╭─ GIVEN RECORDS
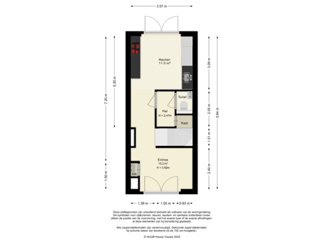 - 62 m² (16,00 meter diep en 3,90 meter breed)
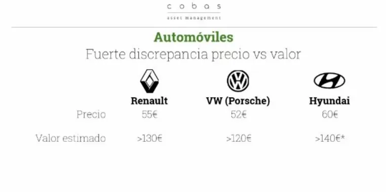18:11 "Llevamos ya cuatro años en la que los mercados europeos han caído un 10%. Esto no es la base para un cataclismo como algunos avecinan. Ahora está más barato que hace dos años y estamos encontrando buenas compañías a buenos precios. Hemos aprovechado para aumentar exposición en automóviles BMW, Hyundai, Renault o Porsche con las caídas"
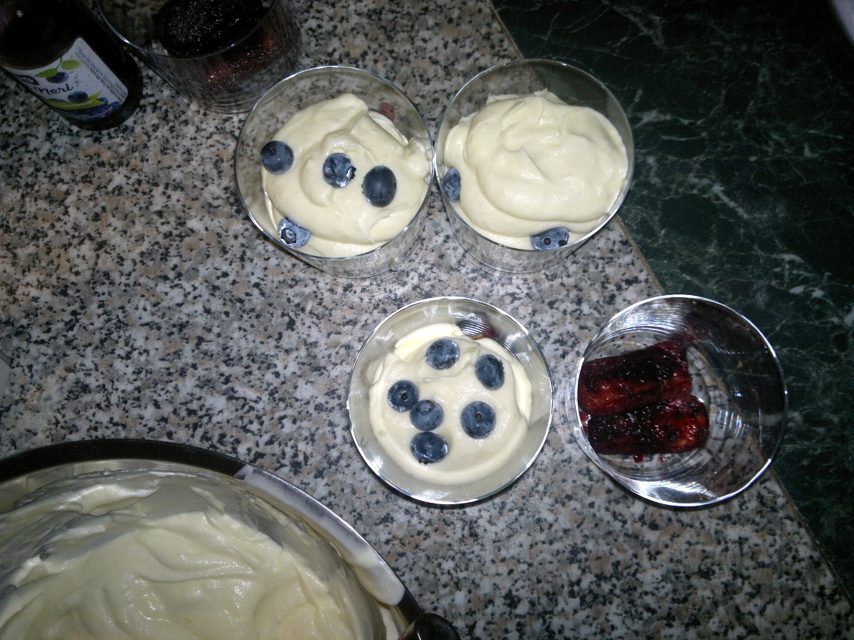 Mettete un po’ di crema sopra i savoiardi, qualche mirtillo fresco e poi ancora crema.
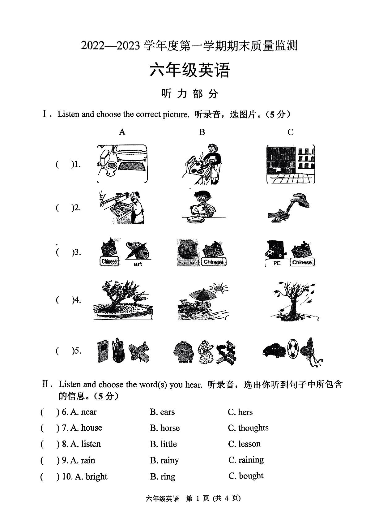 六年级英语冀教版上册期末卷
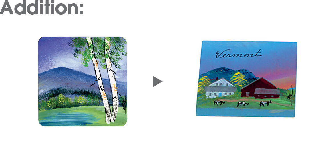 Handpainted Square Magnets by Luthera Rainville feature rural landscape scenes in various seasons. No two are alike. The silhouette cut Square Magnet measures approximately 2.75" wide by 2.75" high by 0.25" thick and is crafted from locally sourced, responsibly harvested maple hardwood with a broad cut sheet magnet securely affixed to the back. Specify theme/season in note box. Please allow extra time for delivery.
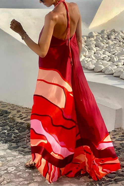 Robe longue de vacances à imprimé licou et dos nu
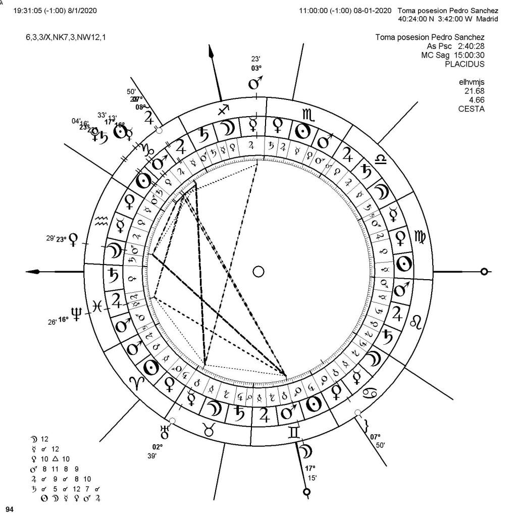 La toma de posesión es una carta de evento que junto con el natal y la RS en curso deben ser cuidadosamente conjeturadas. Contando siempre con la lunación precedente para conocer la tendencia temporal en que se enmarca el proceso que culmina invistiendo a un ser humano como presidente del gobierno de una nación de 47 millones de españoles. Si la analizamos minuciosamente veremos la coincidencia del asc (de la toma) con su Sol-Mercurio natal, coherente con su profesión de político (evento de investidura), resalta la importancia de casa XI, como relevante al ser muy cuestionado su liderazgo y necesitar de otros para la consecución del puesto. Así también es de resaltar la posición del planeta Marte en casa IX de la toma, que es XII de X, que marca la existencia de rivalidades internas del propio gobierno, Puesto que Marte participa en disposición de la casa XI de la toma. El que sea Marte representante del valor político de la «igualdad» apunta directamente a sus socios comunistas, no así la razón de su caída del puesto que fundamentalmente será por sus socios nacionalistas por ser Saturno el otro dispositor del grupo de planetas en XI, lugar por cierto donde se produjo la lunación precedente en capricornio, lugar en que la luna indicadora del tiempo parte mal, y termina en casa IV en géminis, que nos retrotrae a ese Sol de la toma (por Mercurio) uniendo el sentido patriótico del pueblo y sus dudas por la unidad de España (Luna en géminis en IV) que es uno de los objetivos que tiene que asegurar para obtener la confianza del pueblo. Si vemos la RS del mundo, veremos que la primera crisis puede estar a finales de julio principios agosto, y la siguiente sera en marzo de 2021, una vez producida la gran conjunción, la estimación de este gobierno bajo el auspicio de Marte y Saturno oscilara entre dos años a dos años y medio.
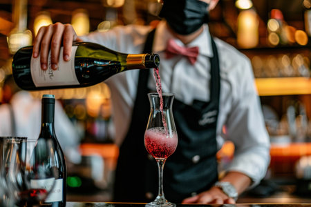 Bartender pouring wine into glass at counter in restaurant, closeup
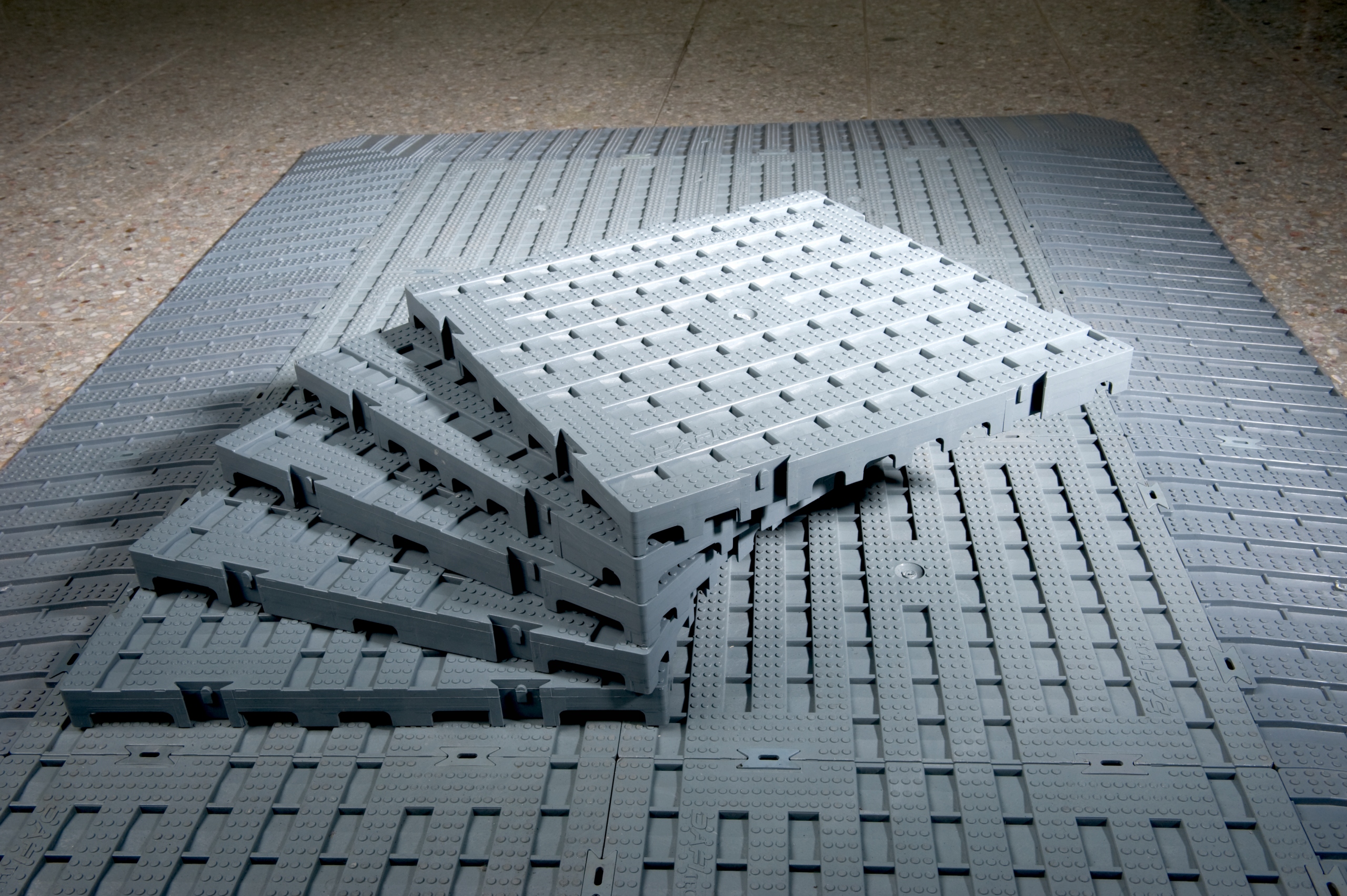 Модульный промышленный пол можно в любой момент снять и установить заново в другом месте.
╰─
* _WORK REQUIRED_
Beginning at the line above that contains "六年级英语冀教版上册期末卷" and going on through the line that contains "Robe longue de", please copy every line exactly, leaving the pictures out and adding nothing.

* _ANSWER SECTION_
 六年级英语冀教版上册期末卷
 Handpainted Square Magnets by Luthera Rainville feature rural landscape scenes in various seasons. No two are alike. The silhouette cut Square Magnet measures approximately 2.75" wide by 2.75" high by 0.25" thick and is crafted from locally sourced, responsibly harvested maple hardwood with a broad cut sheet magnet securely affixed to the back. Specify theme/season in note box. Please allow extra time for delivery.
 Robe longue de vacances à imprimé licou et dos nu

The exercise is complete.